Thursday, February 21, 2008

This Day in Native American History

February 21, 1828—The first newspaper in a Native American language, the Cherokee Phoenix, was published in New Echota, Georgia. The publication, which remains in existence today, was part of a wider movement among the five Southern or “Civilized” Tribes (Cherokees, Choctaws, Chicasaws, Creeks, and Seminoles) toward white cultural patterns, including raising large cash crops on plantations and modeling their tribal government after the federal system.
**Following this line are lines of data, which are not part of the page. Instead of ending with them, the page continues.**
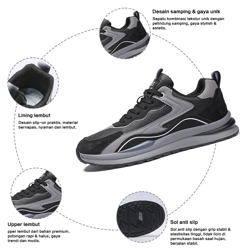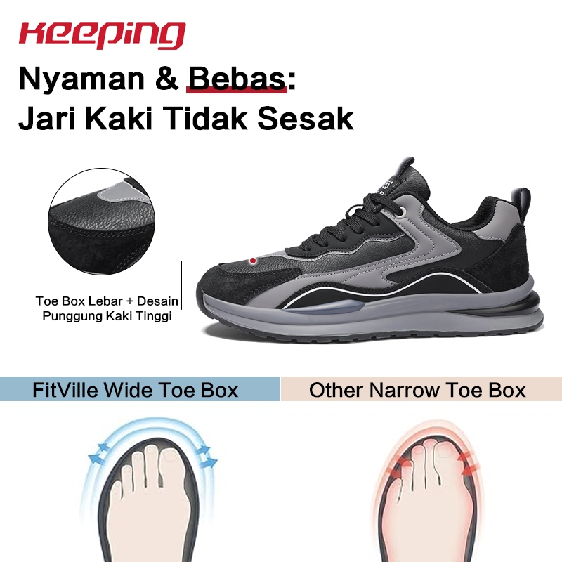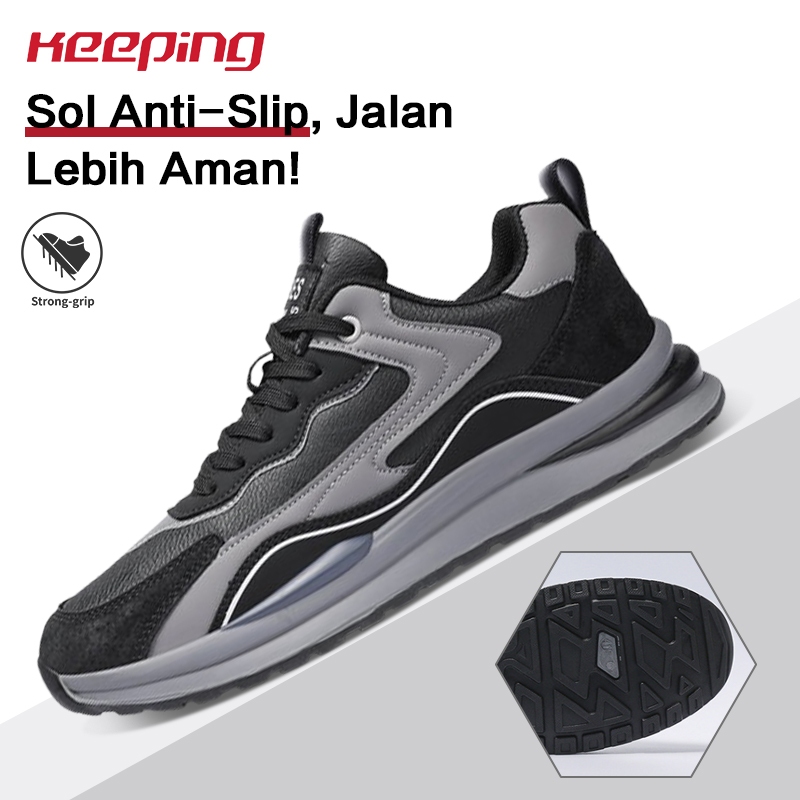 KEEPING SEPATU SNEAKERS PRIA ORIGINAL SPATU OLAHRAGA COWOK KULIAH SEPATU SPORT RUNNING HITAM CASUAL JALAN KSR708
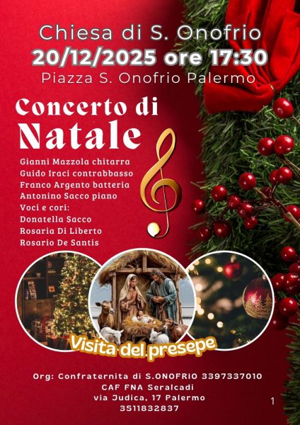 Sabato 20 dicembre 2025, alle ore 17:30, si terrà il “Concerto di Natale 2025” presso la “Chiesa di Sant’Onofrio” nell’omonima piazza di Palermo. L’evento rappresenta un momento di gioia e di festa in attesa del Santo Natale, con un programma musicale vario ed emozionante eseguito da un ensemble di musicisti e cantanti d’eccezione.
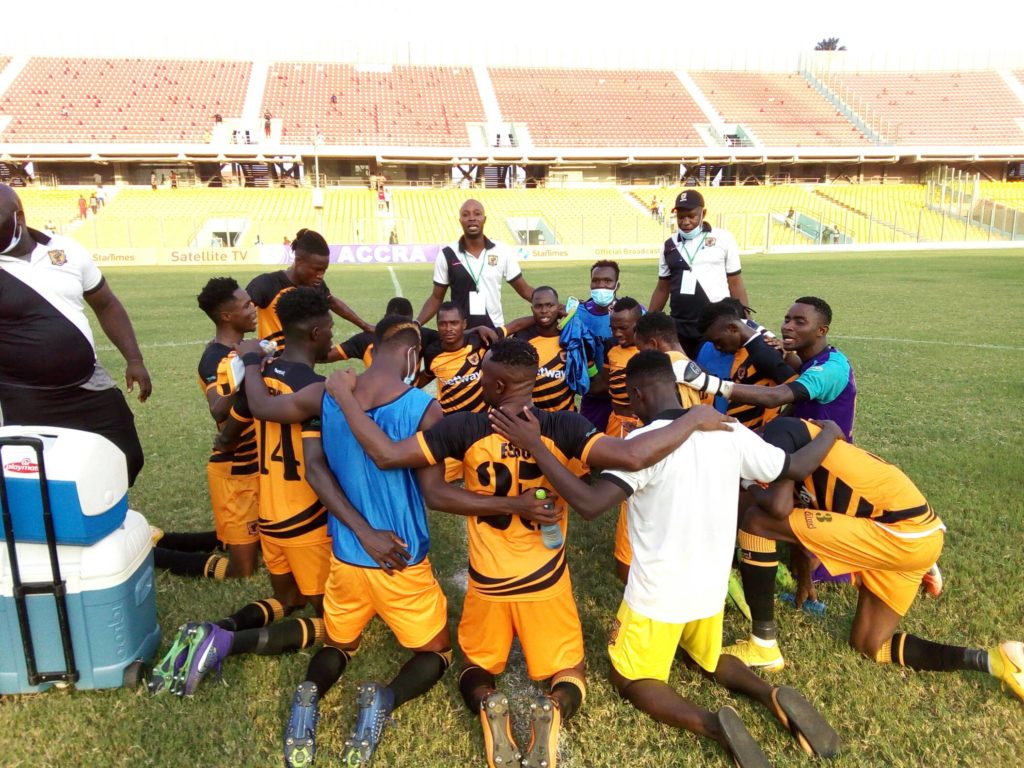 AshantiGold drew level on the stroke of halftime with a fine finish from Amos Addai after receiving an excellent pass from youngster Isaac Opoku Agyemang.
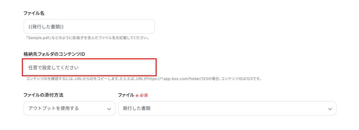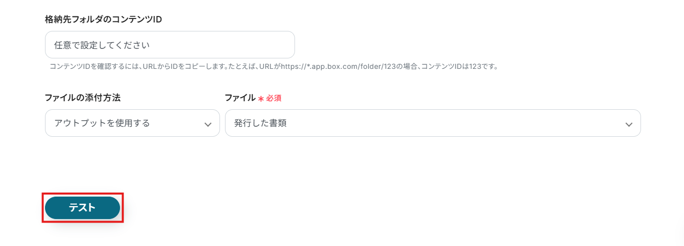 「格納先フォルダのコンテンツID」には、発行したPDFを保存するBoxフォルダのコンテンツIDを設定します。
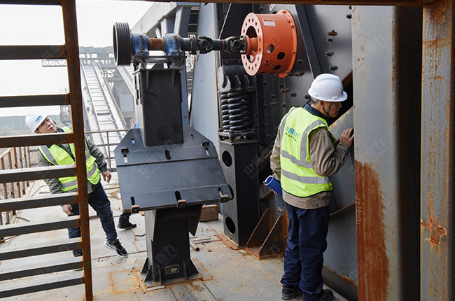 在項目建設現場,售后服務團隊深入破碎機頂部認真檢查每一個配件,并就項目的安裝、設計工藝等進行詳細說明和安裝指導。
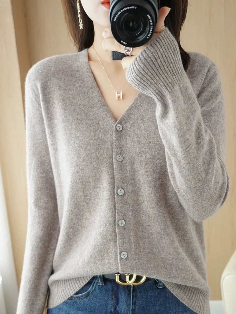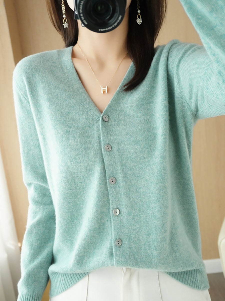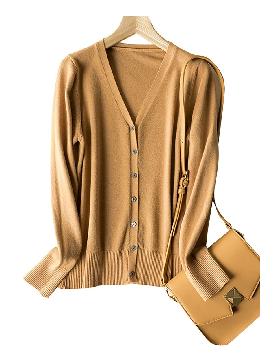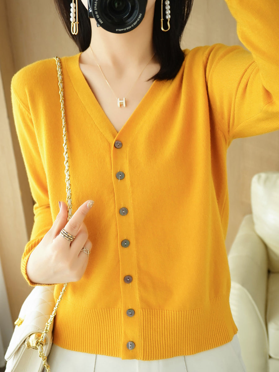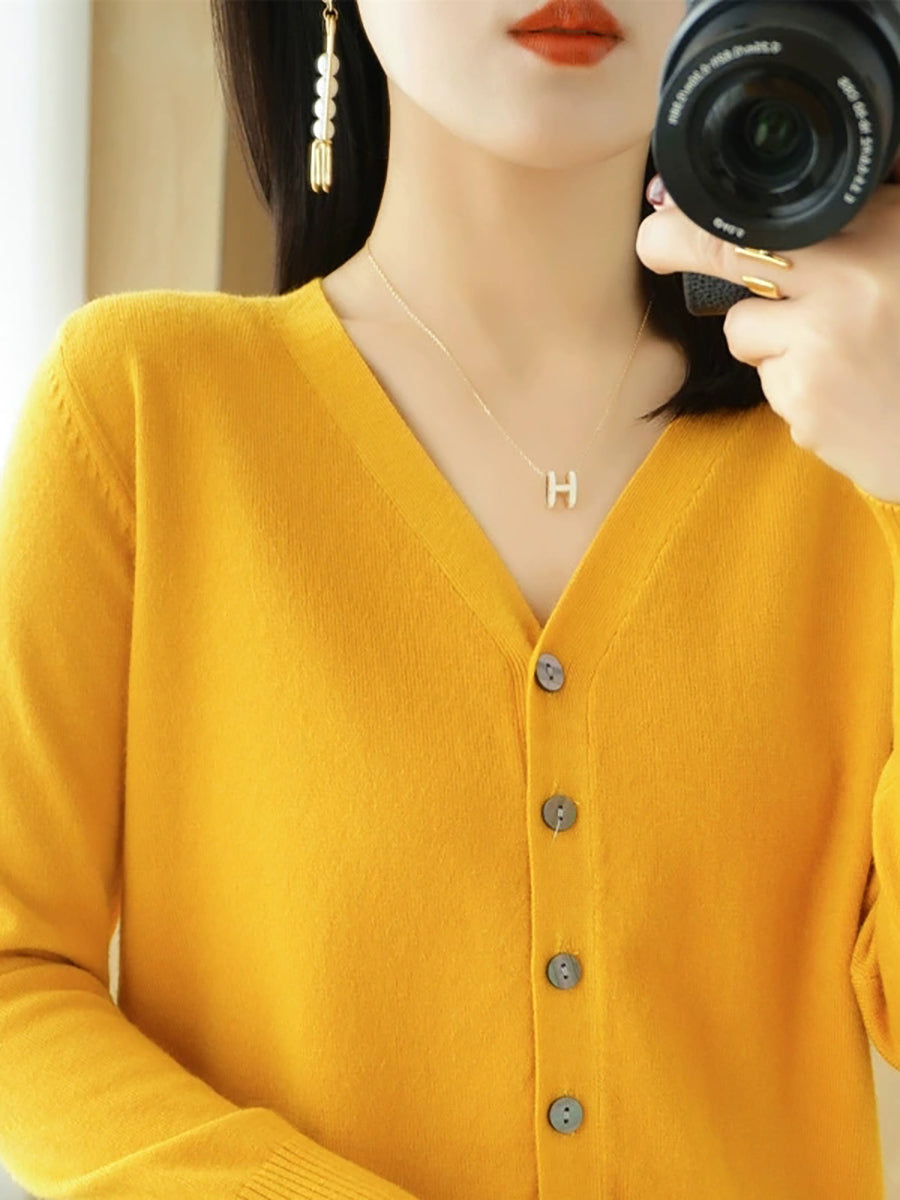 Women Spring Casual Pure Color V-Neck Sweater

The Phoenix used an 86-character Cherokee alphabet called the “
Talking Leaves,” created by the Native American linguist Sequoyah and rapidly adopted because of its ease of use. The paper’s editor was twentysomething (accounts differ as to exact birthdate), Moravian-educated Gallegina (Buck) Oowatie, who took the name Elias Boudinot in tribute to the writer-poet-statesman who served as President of the United States under the Articles of Confederation.

Boudinot’s tragedy epitomized the larger tragedy of white-Native American relations during the 19th century. In 1829, he and friend John Ridge advocated the death penalty for any Indian giving away Cherokee land. Only three years later, however, worried about the threats posed by white encroachment, Boudinot reluctantly came to believe that relocation was the only reasonable alternative to tribal extermination. The decision opened a breach with Cherokee leader
John Ross, who forced his resignation from the Phoenix.

In December 1835, 20 members of the “Treaty Party” met in Boudinot’s home and signed the
Treaty of New Echota, relocating the tribe to Cherokee Nation (now Oklahoma). On June 22, 1839, Boudinot was working on a translation of the Bible with Ridge and Ridge’s father when fellow Cherokees decided to impose the penalty Boudinot had advocated a decade earlier for ceding tribal land. Taken completely by surprise, the three were stabbed and tomahawked by members of the John Ross faction.

More than two decades after Boudinot’s death, his brother,
Stand Watie, became a brigadier general in the Confederate Army—the only Native-American to become a general in either the Confederate or Union Armies during the Civil War.